═══ Raw data

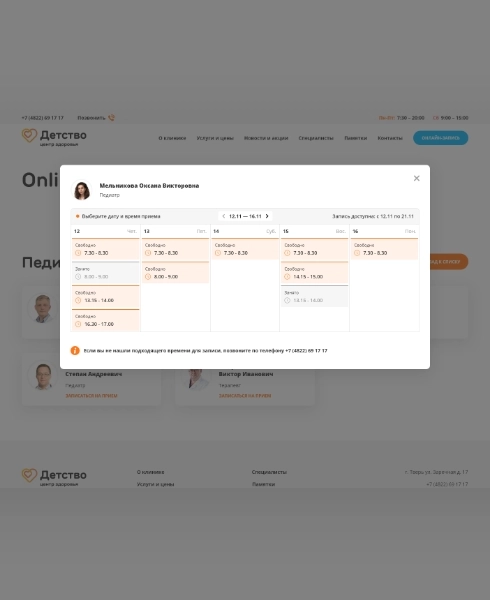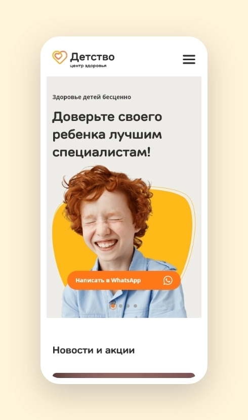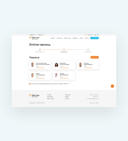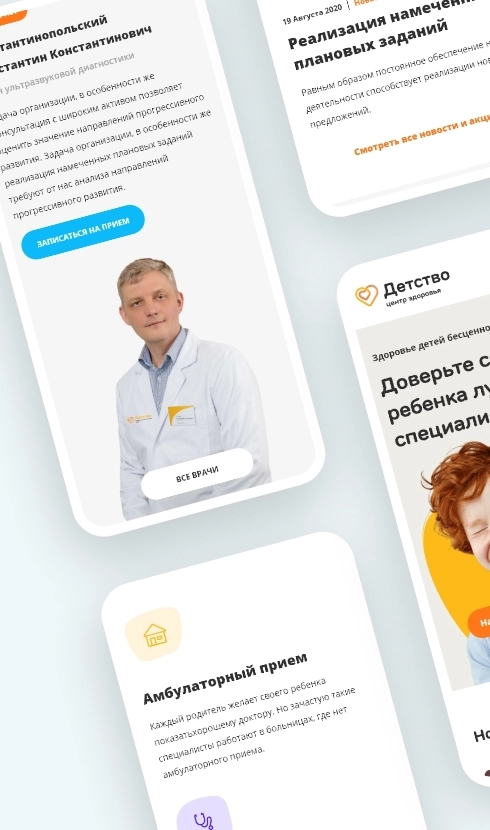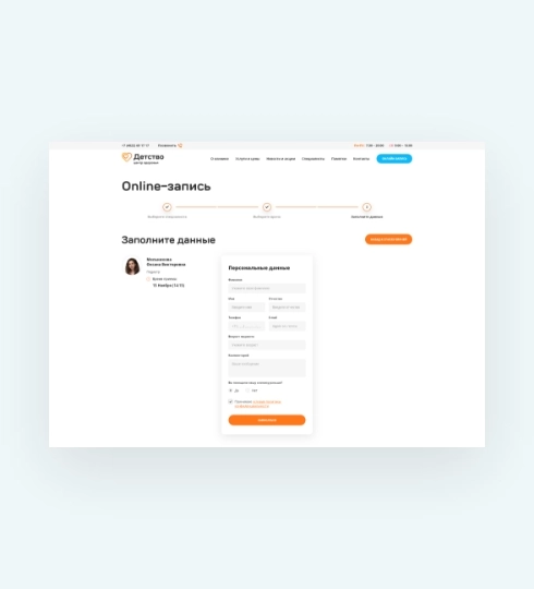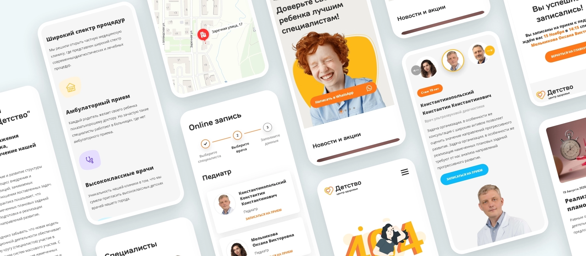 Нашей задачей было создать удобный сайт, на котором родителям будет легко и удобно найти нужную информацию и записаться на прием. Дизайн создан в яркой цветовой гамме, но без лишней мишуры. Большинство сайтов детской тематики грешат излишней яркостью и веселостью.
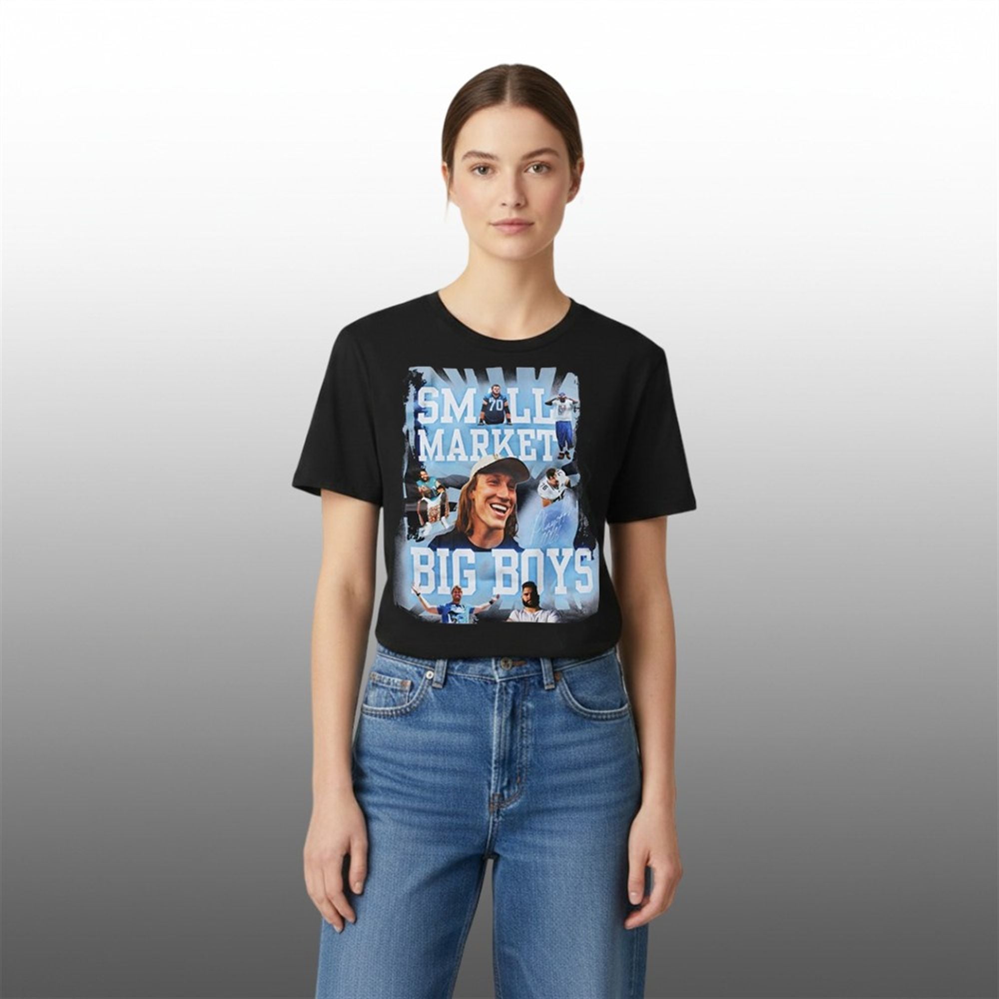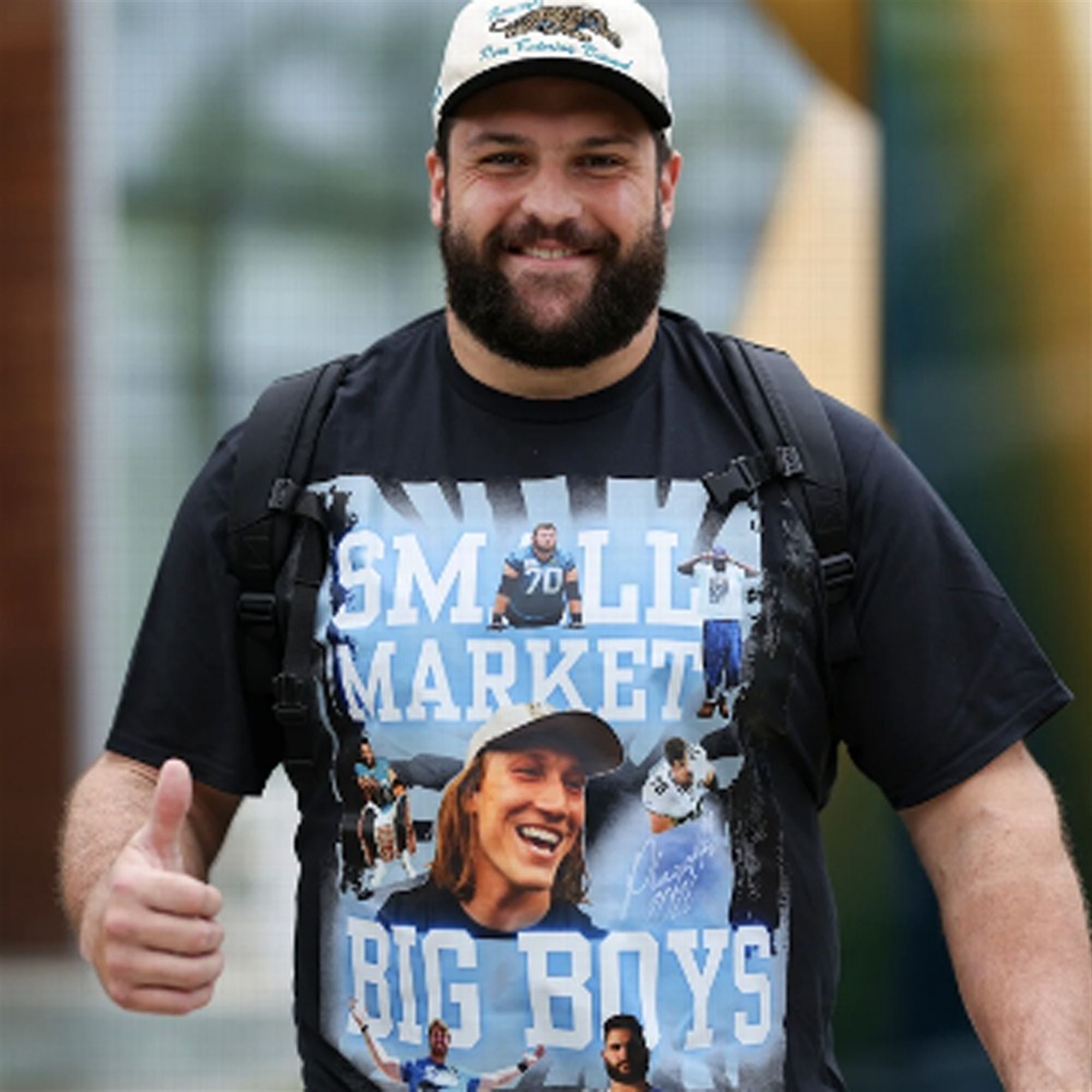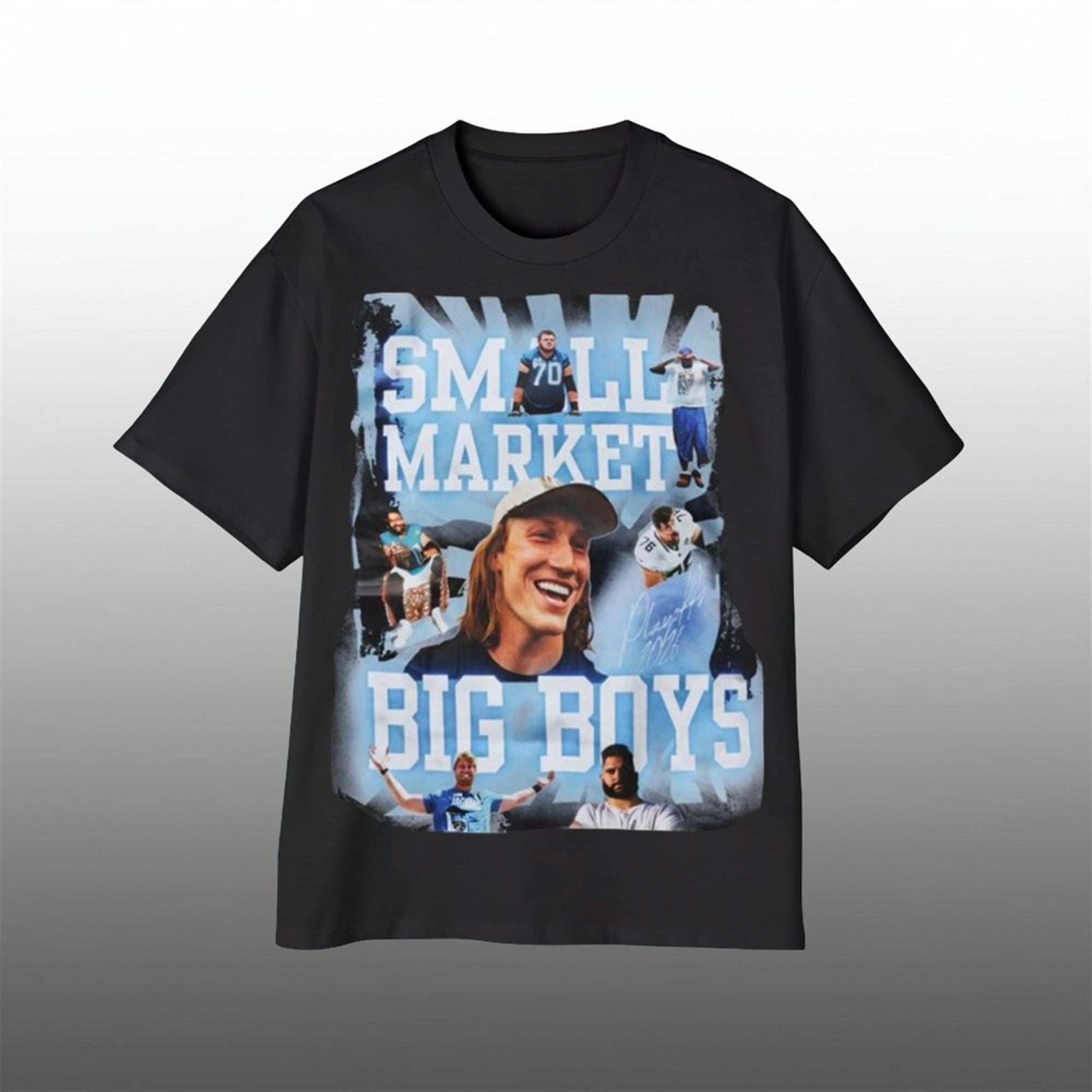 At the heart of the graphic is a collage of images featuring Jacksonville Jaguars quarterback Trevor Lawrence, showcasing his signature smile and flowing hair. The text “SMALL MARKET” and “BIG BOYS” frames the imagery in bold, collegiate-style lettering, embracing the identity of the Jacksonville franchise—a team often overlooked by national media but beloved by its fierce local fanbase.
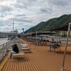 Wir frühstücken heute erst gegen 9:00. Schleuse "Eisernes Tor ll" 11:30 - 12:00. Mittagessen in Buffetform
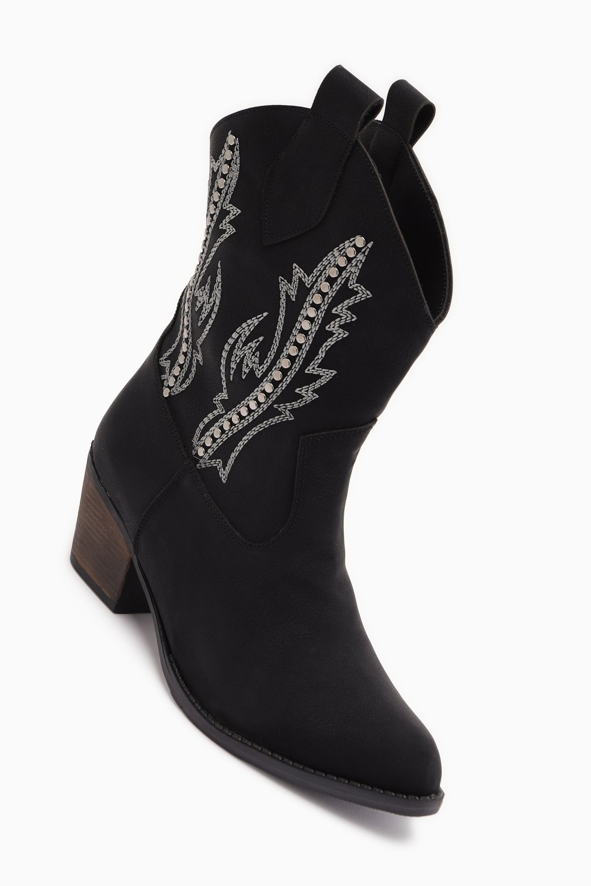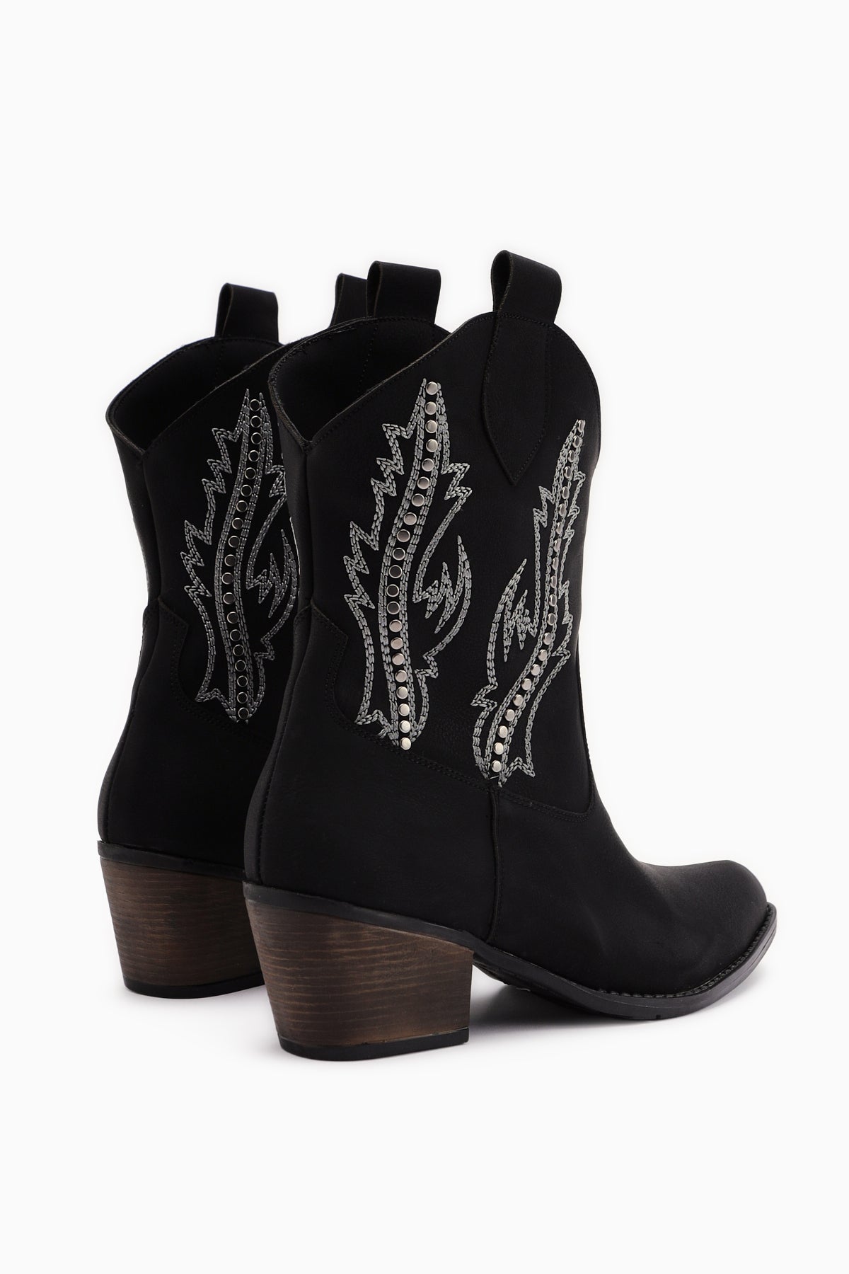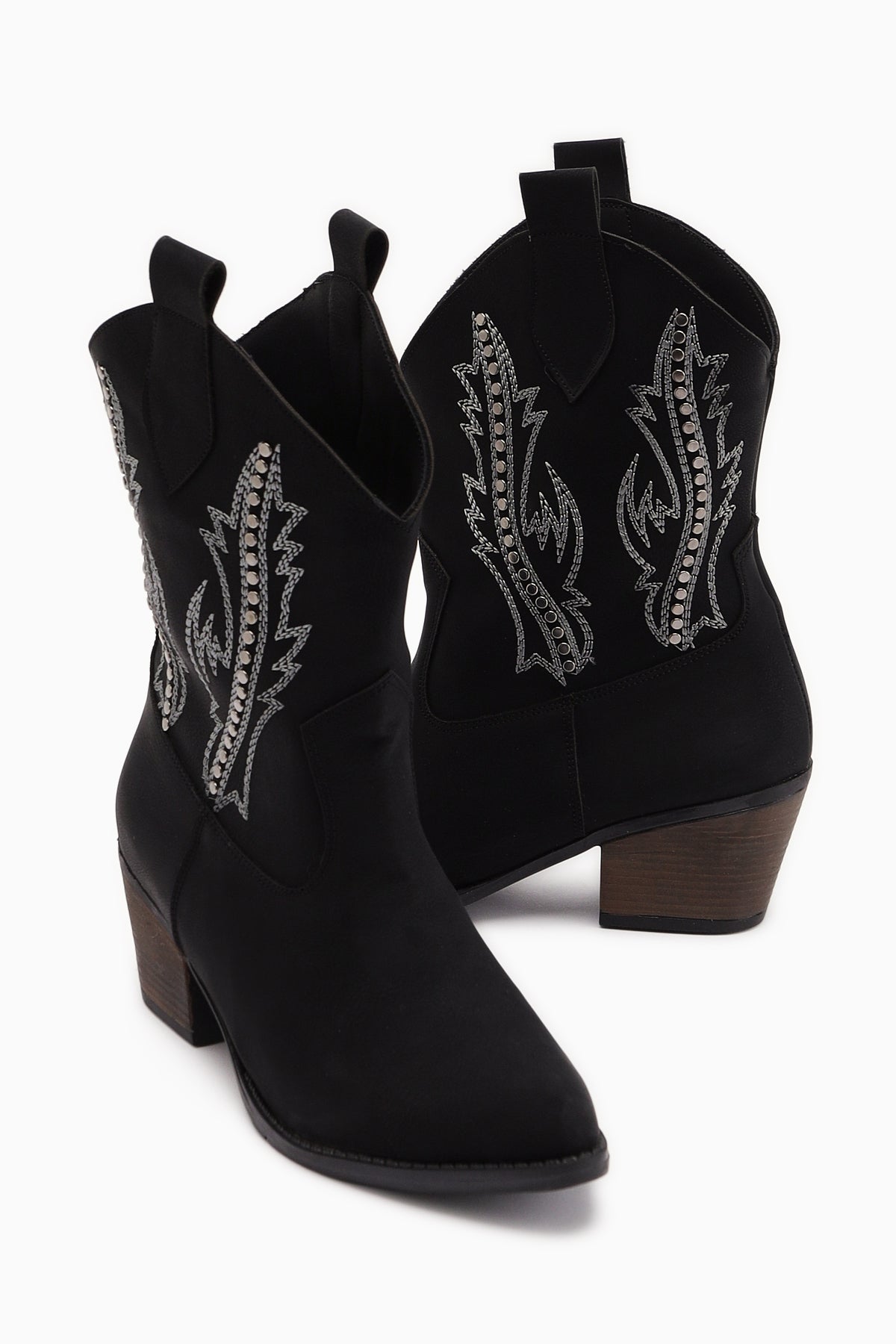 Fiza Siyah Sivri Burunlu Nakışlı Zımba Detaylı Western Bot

══════

**How to complete this task:** The complete listing must be transcribed verbatim, and all pictures are to be omitted.

**Finished exercise:**
 Нашей задачей было создать удобный сайт, на котором родителям будет легко и удобно найти нужную информацию и записаться на прием. Дизайн создан в яркой цветовой гамме, но без лишней мишуры. Большинство сайтов детской тематики грешат излишней яркостью и веселостью.
 At the heart of the graphic is a collage of images featuring Jacksonville Jaguars quarterback Trevor Lawrence, showcasing his signature smile and flowing hair. The text “SMALL MARKET” and “BIG BOYS” frames the imagery in bold, collegiate-style lettering, embracing the identity of the Jacksonville franchise—a team often overlooked by national media but beloved by its fierce local fanbase.
 Wir frühstücken heute erst gegen 9:00. Schleuse "Eisernes Tor ll" 11:30 - 12:00. Mittagessen in Buffetform
 Fiza Siyah Sivri Burunlu Nakışlı Zımba Detaylı Western Bot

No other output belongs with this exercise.